Livingston County is a county located in the northwestern portion of the U.S. state of Missouri. As of the 2020 census, the population was 14,557. Its county seat is Chillicothe. The county was organized January 6, 1837, and named for U.S. Secretary of State Edward Livingston.

==Geography==
According to the U.S. Census Bureau, the county has a total area of 539 sqmi, of which 532 sqmi is land and 6.2 sqmi (1.2%) is water.

===Adjacent counties===
- Grundy County (north)
- Linn County (east)
- Chariton County (southeast)
- Carroll County (south)
- Caldwell County (southwest)
- Daviess County (northwest)

==Demographics==

Historical population
| Census | Pop. | Note | %± |
| 1840 | 4,325 |  | — |
| 1850 | 4,247 |  | −1.8% |
| 1860 | 7,417 |  | 74.6% |
| 1870 | 16,730 |  | 125.6% |
| 1880 | 20,196 |  | 20.7% |
| 1890 | 20,668 |  | 2.3% |
| 1900 | 22,302 |  | 7.9% |
| 1910 | 19,453 |  | −12.8% |
| 1920 | 18,857 |  | −3.1% |
| 1930 | 18,615 |  | −1.3% |
| 1940 | 18,000 |  | −3.3% |
| 1950 | 16,532 |  | −8.2% |
| 1960 | 15,771 |  | −4.6% |
| 1970 | 15,368 |  | −2.6% |
| 1980 | 15,739 |  | 2.4% |
| 1990 | 14,592 |  | −7.3% |
| 2000 | 14,588 |  | 0.0% |
| 2010 | 15,195 |  | 4.2% |
| 2020 | 14,557 |  | −4.2% |
| 2025 (est.) | 14,708 | Increase | 1.0% |
U.S. Decennial Census 1790-1960 1900-1990 1990-2000 2010-2015

===2020 census===
As of the 2020 census, the county had a population of 14,557 and a median age of 41.5 years. 21.2% of residents were under the age of 18 and 21.1% of residents were 65 years of age or older. For every 100 females there were 80.5 males, and for every 100 females age 18 and over there were 74.8 males age 18 and over.
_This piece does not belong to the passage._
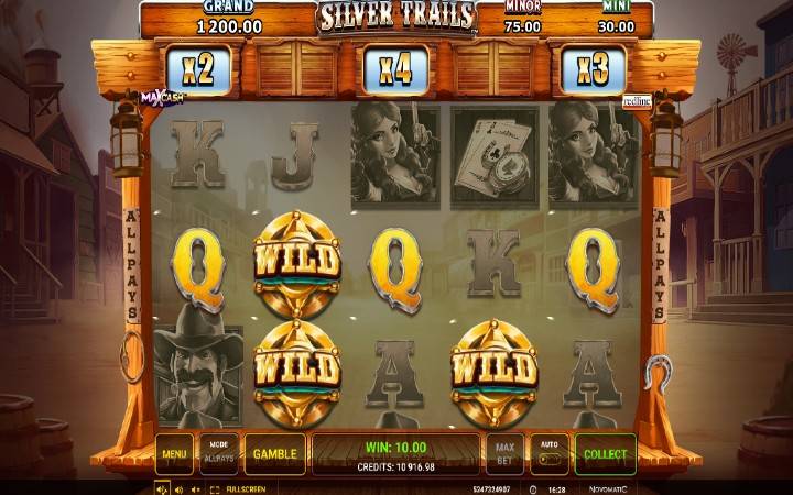 Kolone slota Silver Trails su postevljene u jedan od gradića na Divljem zapadu, a sa obe strane kolona videćete dobro poznate salone. Zvučna podloga doprinosi atmosferi ovog slota, dok je grafika igre odlična.

The racial makeup of the county was 92.6% White, 2.2% Black or African American, 0.3% American Indian and Alaska Native, 0.6% Asian, 0.0% Native Hawaiian and Pacific Islander, 0.4% from some other race, and 3.9% from two or more races. Hispanic or Latino residents of any race comprised 1.6% of the population.
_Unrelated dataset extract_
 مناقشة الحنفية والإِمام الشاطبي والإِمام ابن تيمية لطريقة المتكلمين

62.7% of residents lived in urban areas, while 37.3% lived in rural areas.

There were 5,562 households in the county, of which 28.1% had children under the age of 18 living with them and 25.9% had a female householder with no spouse or partner present. About 31.3% of all households were made up of individuals and 15.2% had someone living alone who was 65 years of age or older.
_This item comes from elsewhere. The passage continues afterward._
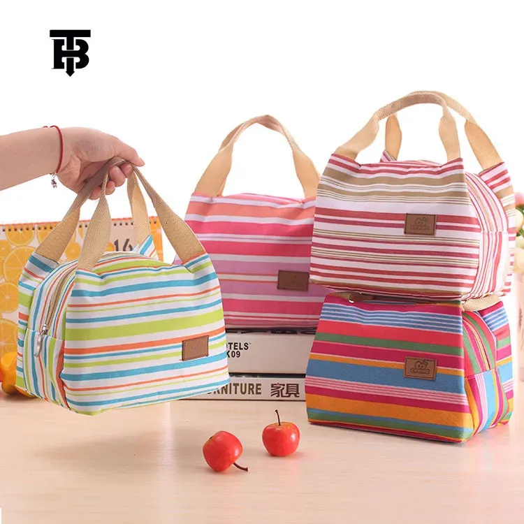 TB BHULAMTE Damen Luxus Canvas Lunchbox, gekühlt, modisch gestreift, mit Reißverschluss, isoliert, versandkostenfrei, Designer

There were 6,350 housing units, of which 12.4% were vacant. Among occupied housing units, 68.4% were owner-occupied and 31.6% were renter-occupied. The homeowner vacancy rate was 2.6% and the rental vacancy rate was 9.7%.

===Racial and ethnic composition===
The following table documents the county's racial and ethnic composition across multiple decennial censuses.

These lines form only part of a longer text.